With a chosen band, Jehu planned his conspiracy against King Jehoram and secretly entered Jezreel. Jehoram tried to flee, but Jehu shot an arrow that pierced his heart. Jehu later threw his body on Naboth's vineyard, to avenge Naboth, whom Jehoram's father and mother had murdered. King Ahaziah fled after seeing Jehoram's death but Jehu wounded him. Ahaziah fled to Megiddo, where he died.

Jehu proceeded to enter the premises of the palace at Jezreel. Jezebel watched him with contempt from the palace window and mockingly compared him to King Zimri. Jehu later commanded Jezebel's eunuchs to throw her out of the palace window. They obeyed his commands and Jezebel was instantly killed. Jehu trampled over her body, and when he decided later to arrange a proper burial due to her royal descent, only her skull, hands and feet remained. The rest of her body had been eaten by dogs.

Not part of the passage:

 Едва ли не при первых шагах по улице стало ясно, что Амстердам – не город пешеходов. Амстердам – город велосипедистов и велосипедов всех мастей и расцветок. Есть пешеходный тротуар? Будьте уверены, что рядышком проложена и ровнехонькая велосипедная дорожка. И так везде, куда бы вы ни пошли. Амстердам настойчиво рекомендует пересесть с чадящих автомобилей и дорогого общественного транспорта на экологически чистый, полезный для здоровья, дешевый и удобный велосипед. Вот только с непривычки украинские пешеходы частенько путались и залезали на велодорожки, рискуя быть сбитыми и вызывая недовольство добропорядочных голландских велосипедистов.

Now master of Jezreel, Jehu wrote to command the chief men in Samaria to hunt down and kill all the royal princes. They did so, and the next day they piled the 70 heads in two heaps outside the city gate, as Jehu commanded. Ahab's entire family was slain. Shortly afterward, Jehu encountered the 42 "brothers of Ahaziah" (since the brothers of Ahaziah had been taken away and probably killed by the Philistines, these must have been relatives of Ahaziah in a broader sense, like nephews and cousins) at "Beth-eked of the shepherds". They told Jehu they were visiting the royal family. Jehu killed them all at "the pit of Beth-eked".

After Jehu's slaughter of the House of Ahab, he met Jehonadab the Rechabite and convinced him that he was pro-Yahwist. Jehonadab quickly allied with him, and they entered the capital together. In control of Samaria, he invited the worshippers and priests of Baal to a ceremony, then trapped and killed them. He then destroyed their idols and temple, and turned the temple into a latrine.

=== Reign ===
Other than Jehu's bloody seizure of power and tolerance for the golden calves at Dan and Bethel, which was criticized as a "heretical" interpretation of Yahwism, little else is known of his reign. He was hard pressed by Hazael, king of the Arameans, who defeated his armies "throughout all of the territories of Israel" beyond the Jordan River, in the lands of Gilead, Gad, Reuben, and Manasseh.

This suggests that Jehu offered tribute to Shalmaneser III, as depicted on his Black Obelisk, in order to gain a powerful ally against the Arameans. Bit-Khumri was used by Tiglath-Pileser III for the non-Omride kings Pekah (733) & Hoshea (732), hence House/Land/Kingdom of Omri could apply to later Israelite kings not necessarily descended from Omri. According to others, this description should be taken very literally, as in this period Assyrians were very closely following the events in this area, with control slipping in later years.

The destruction of the house of Ahab is commended by the author of 2 Kings as a form of divine punishment. Yahweh rewards Jehu for being a willing executor of divine judgment by allowing four generations of kings to sit on the throne of Israel. Jehu and his descendants Jehoahaz, Jehoash, Jeroboam II, and Zachariah ruled Israel for 102 years. Nonetheless, according to the Book of Hosea, God punished the House of Jehu through the hands of the Assyrians for Jehu's massacre at Jezreel, and some Biblical commentators reasoned that this was because Jehu's motives may not have been entirely pure in his massacre.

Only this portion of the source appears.